TRY IT: Write the data below out exactly as it stands. Do not include the pictures.

(Beginning of DATA PROVIDED)

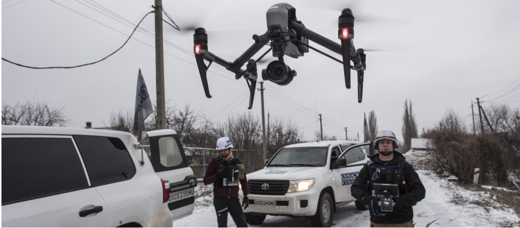
Спостерігач СММ керує польотом БПЛА у Донецькій області
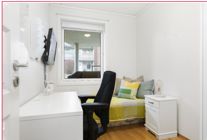
Soverom ( leies ut umøblert)
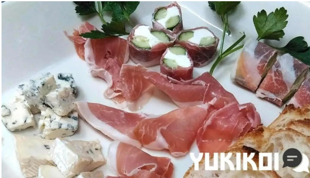
シルバースプーン 料理飲み物

(End of DATA PROVIDED)

SOLUTION TO THE PROBLEM:
Спостерігач СММ керує польотом БПЛА у Донецькій області
Soverom ( leies ut umøblert)
シルバースプーン 料理飲み物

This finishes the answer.